According to Bloomberg Businessweek, the Foundation is looking to hedge funds to provide a boost in returns beyond what the portfolio is currently seeing from its debt holdings. In speaking about the inclusion of hedge funds into the fund’s portfolio, Executive Director Lars Heikensten said, “When we look at the analysis, we see that we can get more return with less risk by doing that. If we can choose hedge funds that we trust, then we can get better returns for given risks.”

The Nobel Foundation has attempted to preserve the original purchasing power of the award since the first laureates received it in 1900. The Nobel Prize in economics was added later through a contribution by Riksbank of Sweden in 1968.

Hedge Funds may not be the Cure All Solution to Institutional Troubles

While selective use of hedge funds within a portfolio may certainly offer better return for risk than some fixed income choices today, hedge funds certainly are not the total answer to weak portfolio returns. In fact, on average, hedge funds significantly underperformed stocks globally in the first 11 months of this year. The HFRX Global Hedge Fund Index earned only 2.4 percent through November, while the MSCI World Index posted a much stronger 11 percent return.

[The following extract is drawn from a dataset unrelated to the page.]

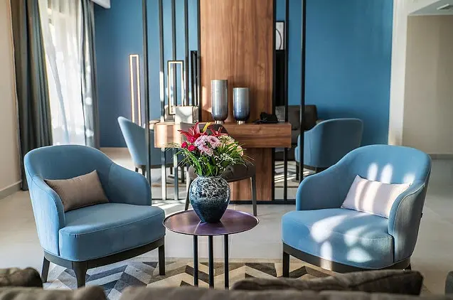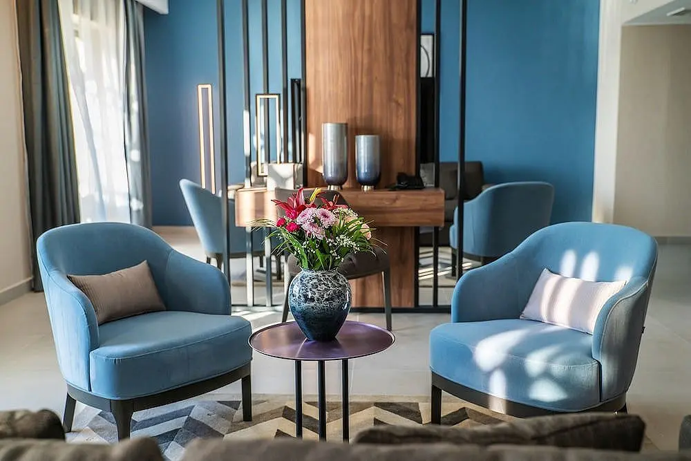 Visi kambariai ir liukso (suite) numeriai su didžiuliais langais, pro daugelį kurių atsiveria lagūnos vaizdai, yra apipavidalinti prabangiais audiniais. Kiekviename iš jų yra palydovinius kanalus rodantis televizorius, mini baras ir patogi svetainės erdvė.

However, it’s important to remember when assessing hedge funds that equities are not always an appropriate comparison or benchmark. Certain hedge fund strategies have risk profiles much more similar to fixed income investments, and accordingly, should not be expected to outperform riskier stock indices every year. For portfolio managers looking to add return while reducing correlation with equities, hedge funds are an increasingly attractive option in a world of low fixed income yields.